EXAMPLE 1: Rapid Optimization of LIght Chains (ROLIC)
[0102] ROLIC is the Rapid Optimization of LIght Chains. In an
exemplary embodiment of this method, the genes encoding a
population of SS-VH(i)-CH1 are placed in a vector (such as pHCSK22)
under control of a suitable regulatable promoter, such as PlacZ. SS
is a signal sequence that will cause secretion of VH(i)-CH1 in E.
coli (i is the index of this VH in the population, i could be 1,2,
. . . N). VH(i) is a variable domain of a heavy chain of an
antibody and CH1 is the first constant domain of an IgG heavy chain
(HC). The vector pHCSK22 also contains the origin of replication of
pBR322 and a kanamycin resistance gene (kanR). The HC population
put into pHCSK22 will have been selected to have affinity for a
particular target antigen or for some other desirable property.

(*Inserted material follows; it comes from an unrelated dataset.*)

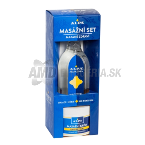 Potešte svojich blízkych skvelým darčekom! Darčekové balenie ALPA Masážny set obsahuje produkty so širokým spektrom použitia v domácnosti. Liehový bylinkový roztok ALPA francovka je vhodný na zmiernenie kĺbových a svalových bolestí, alebo pri chrípke či prechladnutí. Možné použiť na kloktanie a inhaláciu. Po zriedení vodou ako obklad. Masážny krém ALPA je univerzálny krém pre masáž a uvoľnenie pohybového aparátu. Má vysoký obsah minerálneho oleja. Vytvára na povrchu pokožky klzký film, ktorý zaručuje príjemné trenie. Kozmetická sada ALPA Masážny set ako darček vždy poteší!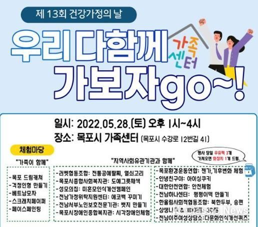 K-Classic News 정명선 기자 | 목포시가족센터가 오는 28일 오후 1시 제13회 건강가정의 날 가족축제인 ‘우리 다함께 가보자 go~!’를 개최한다.

[0103] A second vector, DY3F85LC, is a phage derived vector from
M13mpl8. In addition to all the genes of wild-type M13, DY3F85LC
carries an ampicillin resistance gene (bla) and a display cassette
for antibody light chains (LC). The LC constant region is fused
in-frame to the stump of M13 iii. The SS-VL-CL-IIIstump gene is
regulated by PlacZ. A large repertoire of human LCs is cloned into
DY3F85LC.
[0104] In one example, 20 HCs having affinity for human TIE-1 are
cloned into pHCSK22 and used to transform TGI E. coli to make a
cell population. These cells are F+and can be infected with M13.
When a cell harbors both one member of the pHCSK22 population and
one member of the DY3F85LC population, the cell is resistant to
both Amp and Kan. When induced with IPTG or when grown in the
absence of glucose, HCs are secreted into the periplasm, each cell
making one member of the HC population. M13 have a well developed
system to avoid multiple infection, so that each cell contains a
single member of the LC population. Thus, the phage produced from
Amp.sup.R, Kan.sup.R cells will carry the gene for the LC that is
anchored to the III.sub.stump. Because DY3F85LC has both w.t. iii
and the display vl::cl::iii.sub.stump, the phage will have mostly
full-length III. Many phage will have only w.t. III and no antibody
display. Phage that do carry a VL::CL::III.sub.stump protein will
obtain a VH::CH1 protein from the periplasm of the cell.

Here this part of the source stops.